Most North Korea watchers have traditionally urged the West not to take the regime’s wild language at face value and have downplayed its military capabilities. Still, following growing provocations from North Korea and it’s launch of four missiles into the Sea of Japan on Monday and claims from Pyongyang the launch was a drill for striking American military bases in Japan some are beginning to take a different line. Chris Hill, a former U.S. diplomat like many of those keeping an eye on the situation see the threat of war by miscalculation is increasing. While many people do not think the Kim regime wants a conflict he may underestimate how much the sabre-rattling has raised the possibility to a new and dangerous level that could accidentally lead towards a broad conflict. Adding to the uncertainty is that just last week South Korean President Park Geun-hye was forced from office plunging the key U.S. ally into political turmoil.

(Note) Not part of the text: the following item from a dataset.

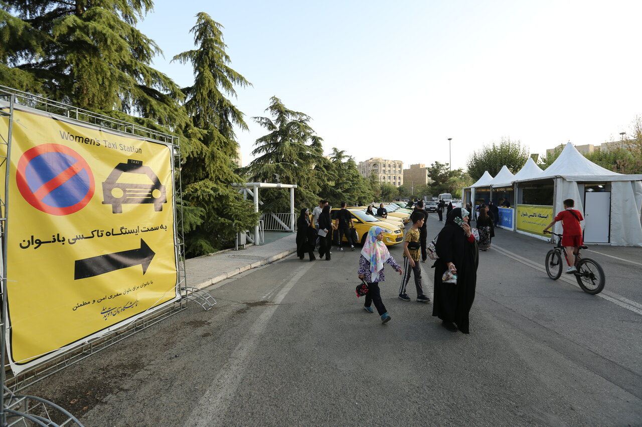 يمتلئ جناح معرض "النساء والإنتاج الوطني" بالزوار بعد الظهر، حيث يسير البعض محمّلين بأكياس التسوق على طريق شمران السريع، بينما يختار آخرون استخدام مترو الأنفاق، لكن جناح تاكسي النساء يحظى بالأولوية بسبب قربه وسهولة الوصول إليه. هذا الجناح أُقيم لأول مرة بمبادرة من منظمة إدارة ومراقبة التاكسيات في طهران، ويعمل فيه 30 سائقة، وفق ما صرحت به شادي مالكي، المديرة التنفيذية للمنظمة.

For many years America has pursued a strategy of hoping in time things would get better as the people of North Korea demanded more goods and western style comforts, this was to be the catalyst to move the country towards freedom. When the last foul leader died officials hoped that North Korea’s young leader would prove to be a reformer, instead lines have harden and cooperation has deteriorated. The same people that were once hopeful and counseled we should give the situation time to change are now increasingly worried that Kim Jong-un might blunder his way into a war. Even as they publicly describe his recent bellicose threats as bluster, administration officials have stepped up visible demonstrations of American military power. Currently, all signs coming out of North Korea are not constructive to a peaceful co-existence, it is possible that they have become so delusional and paranoid that there is no turning back.
The real problem is how best to resolve the issue before it becomes a full-blown crisis. For years many “tough guy Americans” have seen the answer as to, just “Nuke the bastards,” but this is easier said than done and has some huge negative ramifications. In the current political environment, even an attack from the North that falls well short of anything nuclear will probably provoke what might be considered a very harsh response. While there are still many people in the West, who because of its long history of bellicose rhetoric and threats have come to discount the threat of North Korea as a joke doing so could be a big mistake. This situation highlights the difficulties of dealing with rogue nations. We should not be downplaying this threat and it is possible we may be facing a watershed event that makes limited nuclear war commonplace.
None of us has any real knowledge of the motivation, or how years of propaganda have affected the average North Korean soldier. Several times in history the ink has only begun to dry on a peace accord before one of the participant attacks totally unprovoked and this means what may happen is often hard to predict. Forthcoming events may well dictate and set in motion war game scenarios that have been played out hundreds of time and are to be used as a blueprint for our future actions. It is very important America and people throughout the world realize and internalize the potential for a million or more dead North Koreans and many of their neighbors to the south, this does make this situation dire indeed. There should be little doubt the situation in Korea has the potential in a very short time to make the events having taken place in Syria over the years appear tame by comparison.